Just the Facts — Hillary Clinton’s use of a personal e-mail system

by christiannewsjournal
Hillary Clinton

The following items are verbatim excerpts taken directly from FBI Director James B. Comey’s 2,314-word press briefing on July 5, 2016, regarding the investigation of Secretary Hillary Clinton’s use of a personal e-mail system during her time as Secretary of State.

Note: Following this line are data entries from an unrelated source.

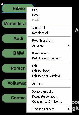 Au fost create mai intai 7 dreptunghiuri rotunjite in colturi cu x=45 de grade, urmand a fi introduce textele ce descriu actiunea lor. Folosind comanda Select All -> Convert to Symbol -> Ok. Astfel fiecare imagine creata cu dreptunghiul si text in interiorul sau a fost transformata intr-un buton.
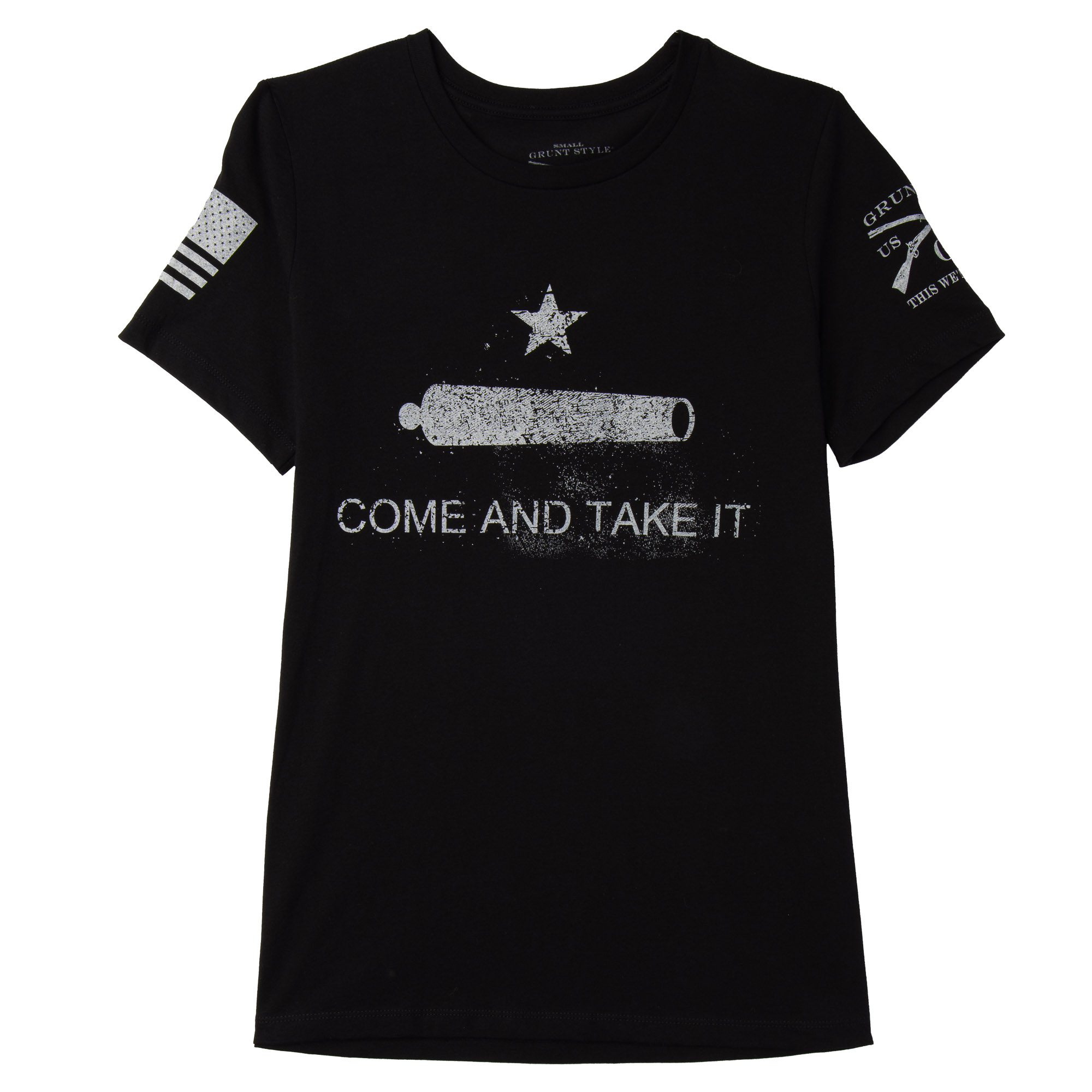 The Grunt Style Women's Come And Take It T-Shirt is crafted with 100% combed ring-spun cotton in black and 90% combed ring-spun cotton in heather gray for soft, all-day comfort and wear. It features a tagless, itch-free design and ribbed collar that won't lose its shape. It also has double-needle stitching for durability. There's no better way to show your American pride than sporting your favorite shirt from Grunt Style.
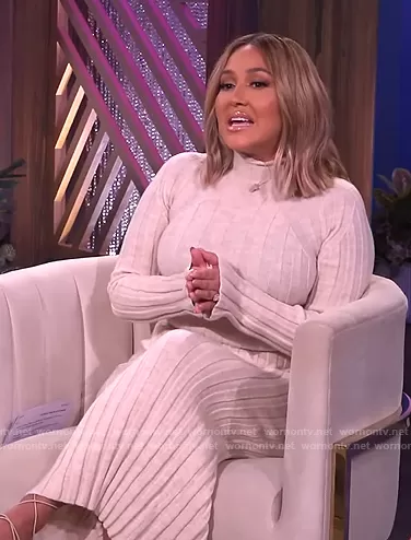 Adrienne Houghton on The Real on BETher was spotted wearing this ivory ribbed midi dress on The Real on Nov 24 2021's episode. Adrienne's Dress is the Shawn Dress by Anine Bing.

  • “Secretary Clinton used several different servers and administrators of those servers during her four years at the State Department, and used numerous mobile devices to view and send e-mail on that personal domain.”
  • “From the group of 30,000 e-mails returned to the State Department, 110 e-mails in 52 e-mail chains have been determined by the owning agency to contain classified information at the time they were sent or received.”
  • “Eight of those chains contained information that was Top Secret at the time they were sent; 36 chains contained Secret information at the time; and eight contained Confidential information, which is the lowest level of classification.”
  • “The FBI also discovered several thousand work-related e-mails that were not in the group of 30,000 that were returned by Secretary Clinton to State in 2014.”
  • “With respect to the thousands of e-mails we found that were not among those produced to State, agencies have concluded that three of those were classified at the time they were sent or received, one at the Secret level and two at the Confidential level.”
  • “It is also likely that there are other work-related e-mails that they did not produce to State and that we did not find elsewhere, and that are now gone because they deleted all e-mails they did not return to State, and the lawyers cleaned their devices in such a way as to preclude complete forensic recovery.”
  • “…there is evidence that they were extremely careless in their handling of very sensitive, highly classified information.”
  • “For example, seven e-mail chains concern matters that were classified at the Top Secret/Special Access Program level when they were sent and received. These chains involved Secretary Clinton both sending e-mails about those matters and receiving e-mails from others about the same matters.”
  • “There is evidence to support a conclusion that any reasonable person in Secretary Clinton’s position, or in the position of those government employees with whom she was corresponding about these matters, should have known that an unclassified system was no place for that conversation.”
  • “…we also found information that was properly classified as Secret by the U.S. Intelligence Community at the time it was discussed on e-mail…”
  • “None of these e-mails should have been on any kind of unclassified system, but their presence is especially concerning because all of these e-mails were housed on unclassified personal servers not even supported by full-time security staff, like those found at Departments and Agencies of the U.S. Government…”
  • “Only a very small number of the e-mails containing classified information bore markings indicating the presence of classified information. But even if information is not marked “classified” in an e-mail, participants who know or should know that the subject matter is classified are still obligated to protect it.”
  • “…we also developed evidence that the security culture of the State Department in general, and with respect to use of unclassified e-mail systems in particular, was generally lacking in the kind of care for classified information found elsewhere in the government.”
  • “We do assess that hostile actors gained access to the private commercial e-mail accounts of people with whom Secretary Clinton was in regular contact from her personal account.”
  • “We also assess that Secretary Clinton’s use of a personal e-mail domain was both known by a large number of people and readily apparent.”
  • “She also used her personal e-mail extensively while outside the United States, including sending and receiving work-related e-mails in the territory of sophisticated adversaries.”
  • “Given that combination of factors, we assess it is possible that hostile actors gained access to Secretary Clinton’s personal e-mail account.”
  • “…there is evidence of potential violations of the statutes regarding the handling of classified information…
  • “Although there is evidence of potential violations of the statutes regarding the handling of classified information, our judgment is that no reasonable prosecutor would bring such a case.”
  • “…this is not to suggest that in similar circumstances, a person who engaged in this activity would face no consequences. To the contrary, those individuals are often subject to security or administrative sanctions.”